_Exercise inputs_
---
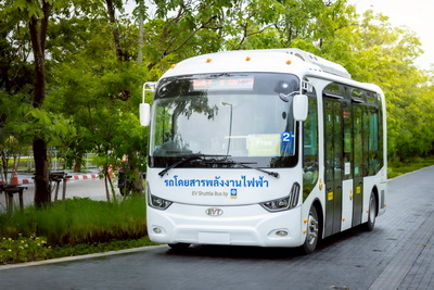 ดร.นาฬิกอติภัค แสงสนิท กรรมการผู้จัดการ บริษัท ธนารักษ์พัฒนาสินทรัพย์ จำกัด (DAD Asset Development) ผู้บริหารศูนย์ราชการเฉลิมพระเกียรติฯ ถนนแจ้งวัฒนะ เปิดเผยว่า DAD ได้เริ่มใช้ EV Shuttle Bus ให้บริการรับ-ส่งประชาชนและเจ้าหน้าที่ภายในศูนย์ราชการเฉลิมพระเกียรติฯ มาเกือบ 2 ปี ทยอยเปิดเส้นทางให้บริการ เพื่อให้ครอบคลุมทุกพื้นที่ที่เป็นจุดต่อเชื่อมกับรถสาธารณะ โดย EV Shuttle Bus ของศูนย์ราชการเฉลิมพระเกียรติฯ ใช้พลังงานสะอาดที่มาจากแหล่งผลิตคือ แผงโซล่าร์เซลล์ ที่ติดตั้งบนอาคารจอดรถ D สามารถผลิตไฟฟ้าได้กว่า 74,164 กิโลวัตต์ต่อเดือน เพียงพอสำหรับระบบไฟส่องสว่างภายในอาคาร และการชาร์จแบตเตอรี่ของรถ EV ทุกคัน จึงถือเป็นรถที่ใช้พลังงานสะอาดได้ 100%
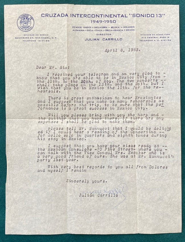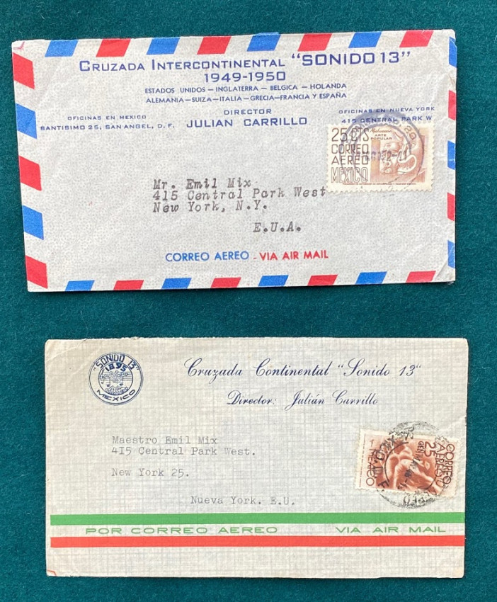 4.Julián CARRILLO. A collection of four typed letters signed to Emil Mix, on ‘Cruzada … “Sonida 13”’ headed paper, dated Mexico, 18 August 1948 – 8 April 1953, concerning musical matters (see images) and the propagation of Carrillo’s ‘Sonido 13’; with two related envelopes addressed to Mix.
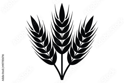 Fototapeta premium Black Silhouette Depiction Three Wheat Stalks with Grains, Symbolizing...
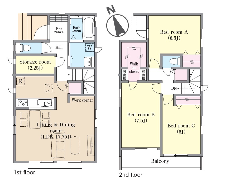 | 間取 | 3SLDK + WIC付き、ホール収納 (LDK17.75帖、洋室7.5帖、洋室6.5帖、洋室6帖、S2.25帖) | ||
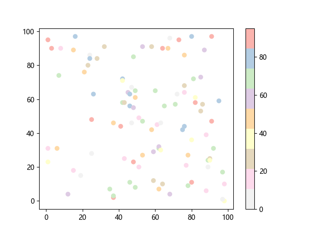 # 这三行代码使编译器能够绘图: import sys import matplotlib matplotlib.use('Agg') import matplotlib.pyplot as plt import numpy as np x = np.random.randint(100, size=(100)) y = np.random.randint(100, size=(100)) colors = np.random.randint(100, size=(100)) # 绘制反向 Pastel1 配色方案的散点图: plt.scatter(x, y, c=colors, cmap='Pastel1_r') plt.colorbar() plt.show() # 这两行代码使编译器能够输出图形: plt.savefig(sys.stdout.buffer) sys.stdout.flush()
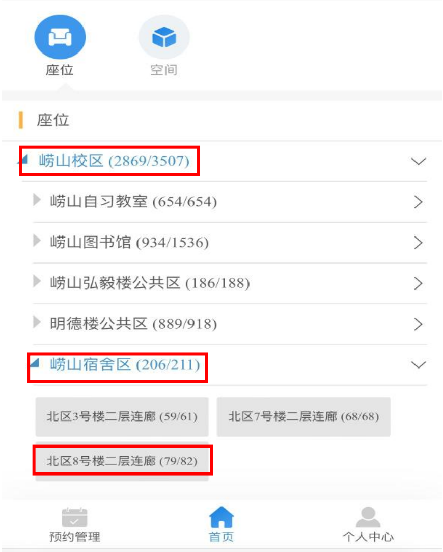 3.进入座位预约界面,选择“崂山校区→崂山宿舍区→北区8号楼二层连廊”。
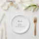 This simple Spanish wedding cake paper plate is perfect for a modern wedding reception. The simple and elegant design features classic and fancy script typography in black and white.
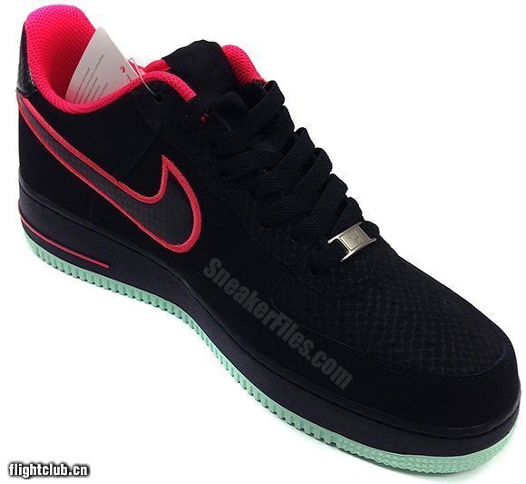 常有球鞋定制者会选择Air Yeezy 2作为定制球鞋的灵感,而现在Nike官方则打造了一双以Yeezy作为设计主题的Air Force 1。黑色牛巴革鞋身配上鳞片纹理材质,细节辅以太阳红,大底则呈现夜光材质的色彩。暂时没有市售信息。
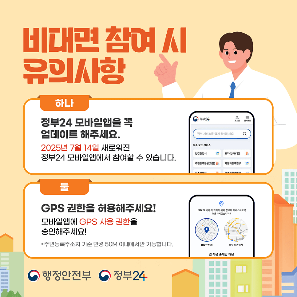 | 비대면 참여 방법 | 정부24 앱 → 배너 클릭 → 본인확인 → 응답 / GPS 필요 / 주소지 50m 이내 |
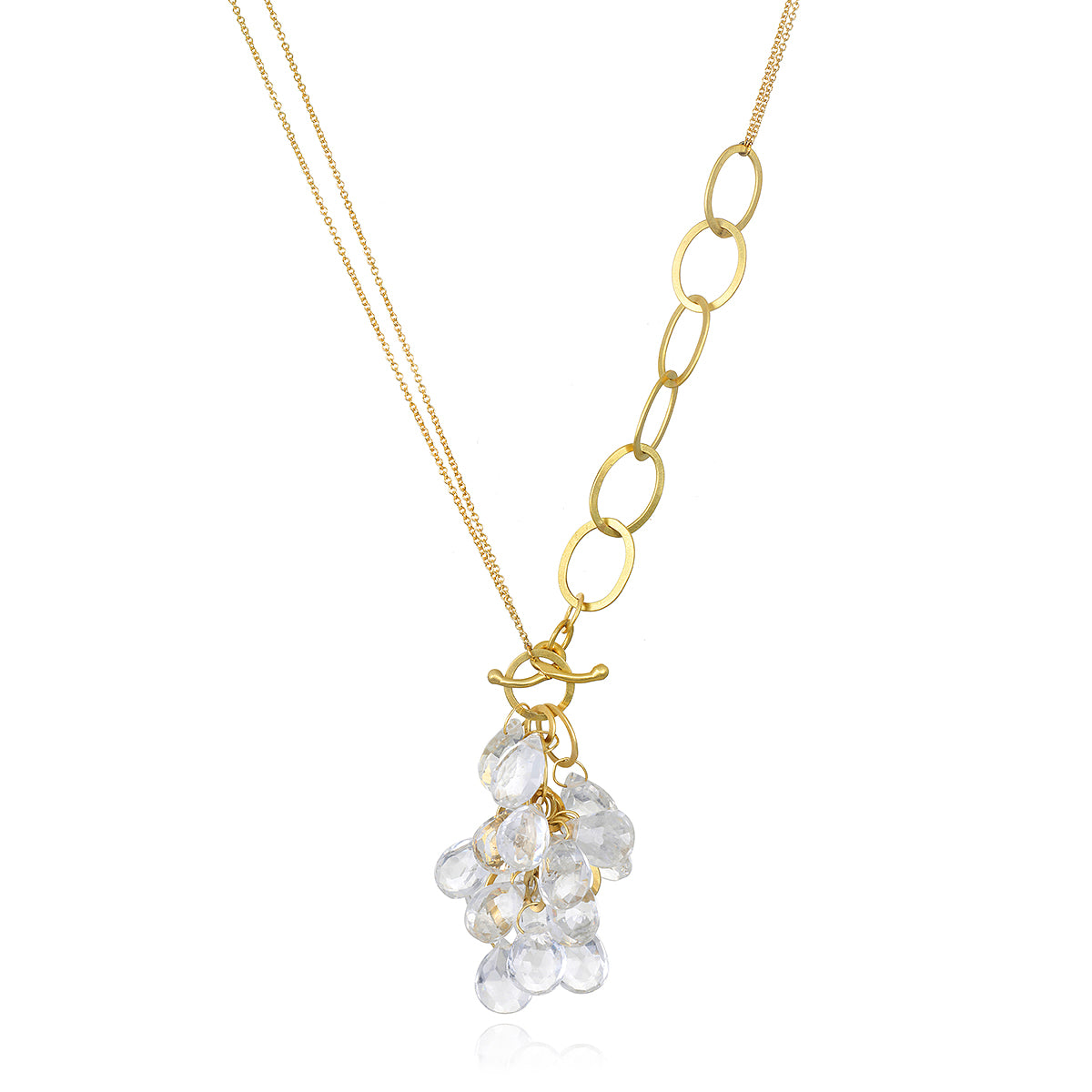 18k Gold Rock Crystal Quartz Link Necklace with Toggle Closure
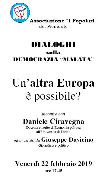 Venerdì 22 febbraio, dalle 17.45 all’Educatorio della Provvidenza (corso Trento 13 – Torino) si terrà l’incontro dal titolo “Un’altra Europa è possibile?”.
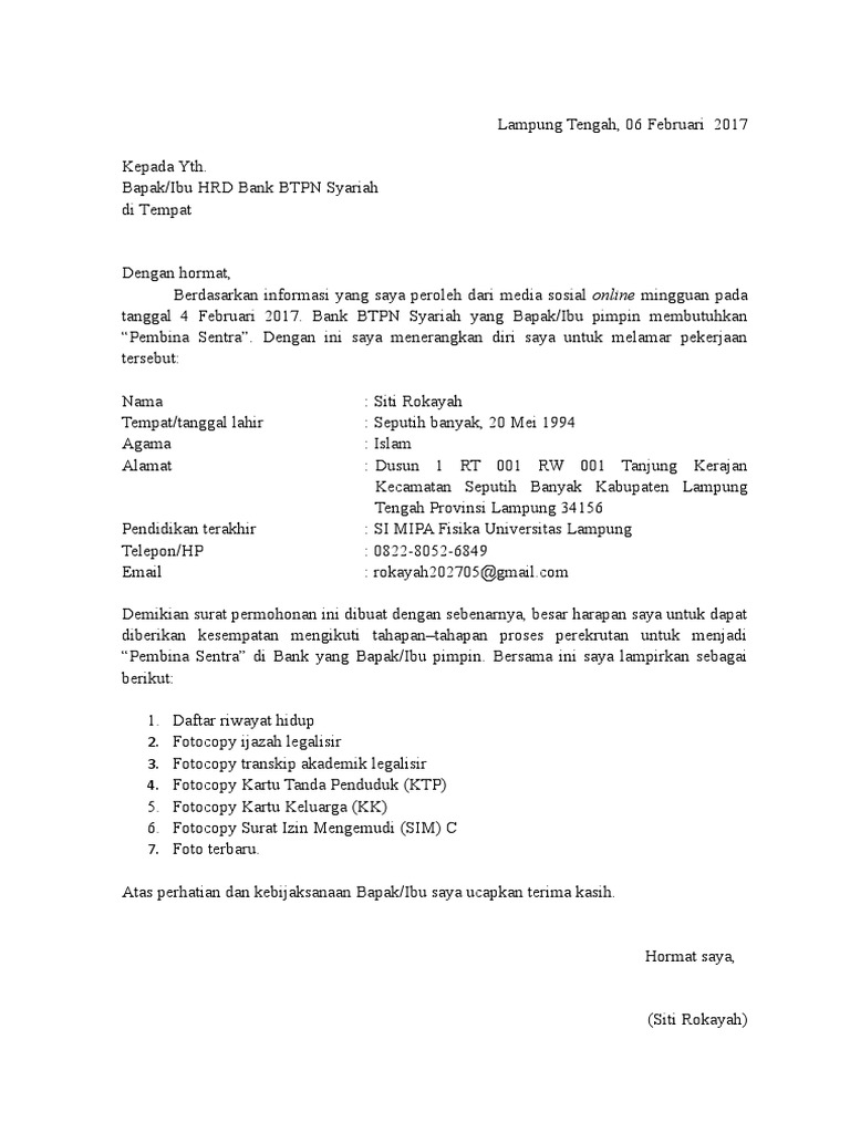 Persyaratan melamar kerja di bank archives jadiberkah com. Syarat surat lamaran kerja agar diterima. Lalu saya beritikad baik membantu karena. Syarat melamar kerja di bank btpn. Hal utama yang menjadi syarat melamar kerja di bank yaitu pendidikan.
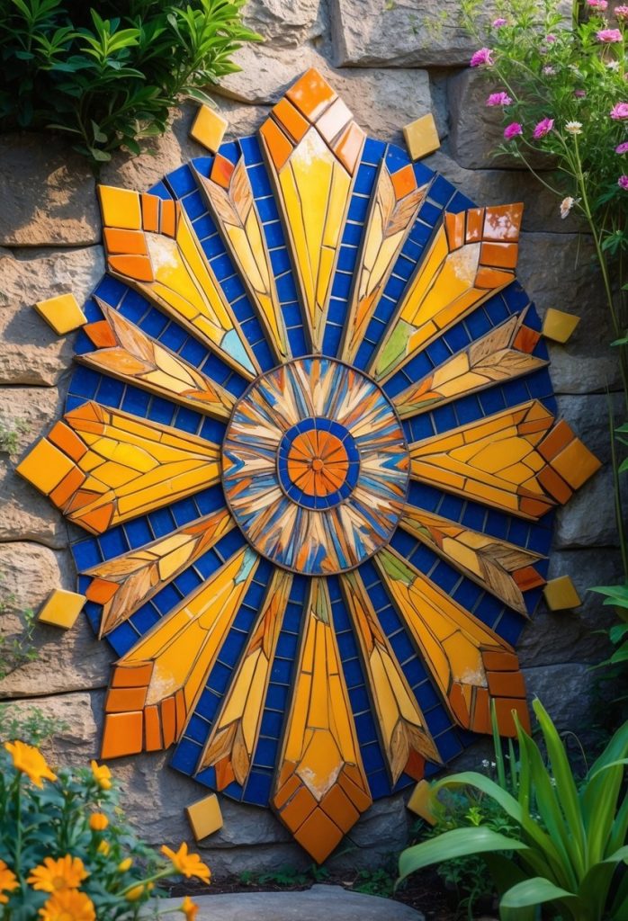 You can add warmth and brightness to your garden with sunburst tile mosaics. These designs use colorful tiles arranged in a circle to look like the sun’s rays. They work well on garden paths, walls, or tables and bring a cheerful vibe to your outdoor space.
---
_Required action_
The listing above is to be retyped exactly, with all pictures left out.

_Solution for this task_
 ดร.นาฬิกอติภัค แสงสนิท กรรมการผู้จัดการ บริษัท ธนารักษ์พัฒนาสินทรัพย์ จำกัด (DAD Asset Development) ผู้บริหารศูนย์ราชการเฉลิมพระเกียรติฯ ถนนแจ้งวัฒนะ เปิดเผยว่า DAD ได้เริ่มใช้ EV Shuttle Bus ให้บริการรับ-ส่งประชาชนและเจ้าหน้าที่ภายในศูนย์ราชการเฉลิมพระเกียรติฯ มาเกือบ 2 ปี ทยอยเปิดเส้นทางให้บริการ เพื่อให้ครอบคลุมทุกพื้นที่ที่เป็นจุดต่อเชื่อมกับรถสาธารณะ โดย EV Shuttle Bus ของศูนย์ราชการเฉลิมพระเกียรติฯ ใช้พลังงานสะอาดที่มาจากแหล่งผลิตคือ แผงโซล่าร์เซลล์ ที่ติดตั้งบนอาคารจอดรถ D สามารถผลิตไฟฟ้าได้กว่า 74,164 กิโลวัตต์ต่อเดือน เพียงพอสำหรับระบบไฟส่องสว่างภายในอาคาร และการชาร์จแบตเตอรี่ของรถ EV ทุกคัน จึงถือเป็นรถที่ใช้พลังงานสะอาดได้ 100%
 4.Julián CARRILLO. A collection of four typed letters signed to Emil Mix, on ‘Cruzada … “Sonida 13”’ headed paper, dated Mexico, 18 August 1948 – 8 April 1953, concerning musical matters (see images) and the propagation of Carrillo’s ‘Sonido 13’; with two related envelopes addressed to Mix.
 Fototapeta premium Black Silhouette Depiction Three Wheat Stalks with Grains, Symbolizing...
 | 間取 | 3SLDK + WIC付き、ホール収納 (LDK17.75帖、洋室7.5帖、洋室6.5帖、洋室6帖、S2.25帖) | ||
 # 这三行代码使编译器能够绘图: import sys import matplotlib matplotlib.use('Agg') import matplotlib.pyplot as plt import numpy as np x = np.random.randint(100, size=(100)) y = np.random.randint(100, size=(100)) colors = np.random.randint(100, size=(100)) # 绘制反向 Pastel1 配色方案的散点图: plt.scatter(x, y, c=colors, cmap='Pastel1_r') plt.colorbar() plt.show() # 这两行代码使编译器能够输出图形: plt.savefig(sys.stdout.buffer) sys.stdout.flush()
 3.进入座位预约界面,选择“崂山校区→崂山宿舍区→北区8号楼二层连廊”。
 This simple Spanish wedding cake paper plate is perfect for a modern wedding reception. The simple and elegant design features classic and fancy script typography in black and white.
 常有球鞋定制者会选择Air Yeezy 2作为定制球鞋的灵感,而现在Nike官方则打造了一双以Yeezy作为设计主题的Air Force 1。黑色牛巴革鞋身配上鳞片纹理材质,细节辅以太阳红,大底则呈现夜光材质的色彩。暂时没有市售信息。
 | 비대면 참여 방법 | 정부24 앱 → 배너 클릭 → 본인확인 → 응답 / GPS 필요 / 주소지 50m 이내 |
 18k Gold Rock Crystal Quartz Link Necklace with Toggle Closure
 Venerdì 22 febbraio, dalle 17.45 all’Educatorio della Provvidenza (corso Trento 13 – Torino) si terrà l’incontro dal titolo “Un’altra Europa è possibile?”.
 Persyaratan melamar kerja di bank archives jadiberkah com. Syarat surat lamaran kerja agar diterima. Lalu saya beritikad baik membantu karena. Syarat melamar kerja di bank btpn. Hal utama yang menjadi syarat melamar kerja di bank yaitu pendidikan.
 You can add warmth and brightness to your garden with sunburst tile mosaics. These designs use colorful tiles arranged in a circle to look like the sun’s rays. They work well on garden paths, walls, or tables and bring a cheerful vibe to your outdoor space.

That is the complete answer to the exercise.